Your goal:
The full listing, word for word and free of images, is the expected result.

Given material:
========
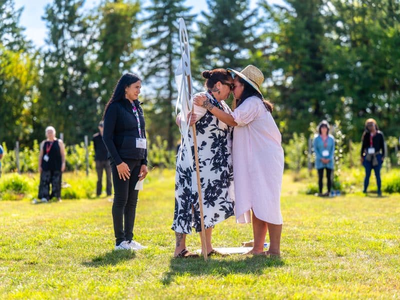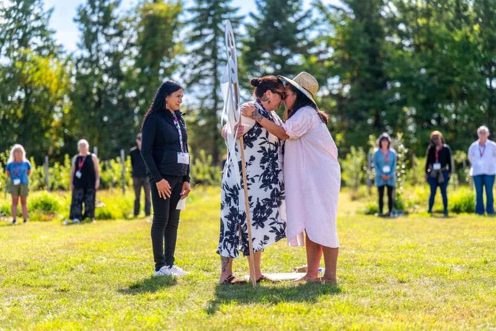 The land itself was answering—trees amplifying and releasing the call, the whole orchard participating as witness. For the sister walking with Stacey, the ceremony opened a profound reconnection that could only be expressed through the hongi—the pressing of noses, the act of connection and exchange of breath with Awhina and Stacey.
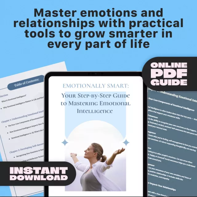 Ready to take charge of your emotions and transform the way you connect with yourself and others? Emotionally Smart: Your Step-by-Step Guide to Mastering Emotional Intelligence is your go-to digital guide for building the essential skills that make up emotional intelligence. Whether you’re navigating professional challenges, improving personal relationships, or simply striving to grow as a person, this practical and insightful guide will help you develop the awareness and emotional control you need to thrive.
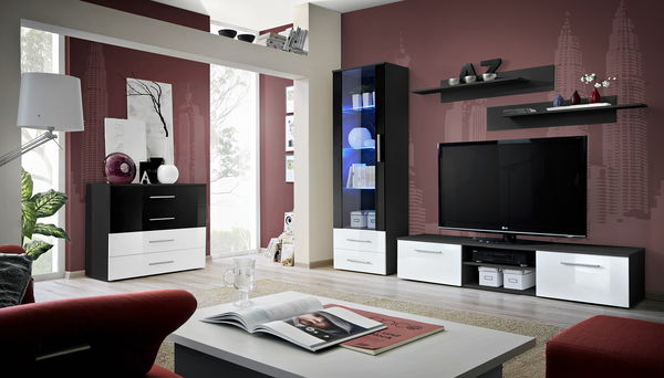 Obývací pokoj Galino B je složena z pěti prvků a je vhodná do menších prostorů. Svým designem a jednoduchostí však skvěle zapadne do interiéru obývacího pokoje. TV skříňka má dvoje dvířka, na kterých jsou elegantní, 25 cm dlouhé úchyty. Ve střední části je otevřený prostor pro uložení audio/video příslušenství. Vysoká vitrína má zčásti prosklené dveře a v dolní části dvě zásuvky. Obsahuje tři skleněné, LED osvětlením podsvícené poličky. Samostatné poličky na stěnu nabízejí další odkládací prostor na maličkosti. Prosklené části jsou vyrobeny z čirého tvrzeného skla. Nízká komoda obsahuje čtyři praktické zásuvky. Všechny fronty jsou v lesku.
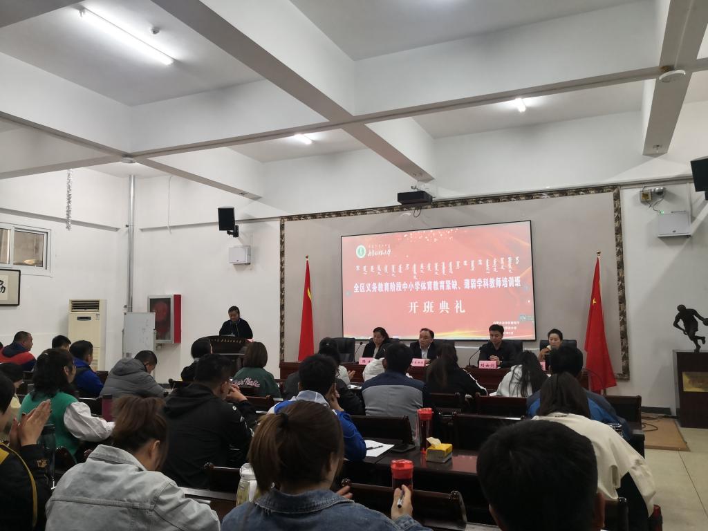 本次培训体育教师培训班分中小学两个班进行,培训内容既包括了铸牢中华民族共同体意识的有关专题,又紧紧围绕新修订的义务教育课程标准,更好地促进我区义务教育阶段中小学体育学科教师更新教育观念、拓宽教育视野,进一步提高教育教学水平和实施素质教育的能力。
========
Worked solution:
 The land itself was answering—trees amplifying and releasing the call, the whole orchard participating as witness. For the sister walking with Stacey, the ceremony opened a profound reconnection that could only be expressed through the hongi—the pressing of noses, the act of connection and exchange of breath with Awhina and Stacey.
 Ready to take charge of your emotions and transform the way you connect with yourself and others? Emotionally Smart: Your Step-by-Step Guide to Mastering Emotional Intelligence is your go-to digital guide for building the essential skills that make up emotional intelligence. Whether you’re navigating professional challenges, improving personal relationships, or simply striving to grow as a person, this practical and insightful guide will help you develop the awareness and emotional control you need to thrive.
 Obývací pokoj Galino B je složena z pěti prvků a je vhodná do menších prostorů. Svým designem a jednoduchostí však skvěle zapadne do interiéru obývacího pokoje. TV skříňka má dvoje dvířka, na kterých jsou elegantní, 25 cm dlouhé úchyty. Ve střední části je otevřený prostor pro uložení audio/video příslušenství. Vysoká vitrína má zčásti prosklené dveře a v dolní části dvě zásuvky. Obsahuje tři skleněné, LED osvětlením podsvícené poličky. Samostatné poličky na stěnu nabízejí další odkládací prostor na maličkosti. Prosklené části jsou vyrobeny z čirého tvrzeného skla. Nízká komoda obsahuje čtyři praktické zásuvky. Všechny fronty jsou v lesku.
 本次培训体育教师培训班分中小学两个班进行,培训内容既包括了铸牢中华民族共同体意识的有关专题,又紧紧围绕新修订的义务教育课程标准,更好地促进我区义务教育阶段中小学体育学科教师更新教育观念、拓宽教育视野,进一步提高教育教学水平和实施素质教育的能力。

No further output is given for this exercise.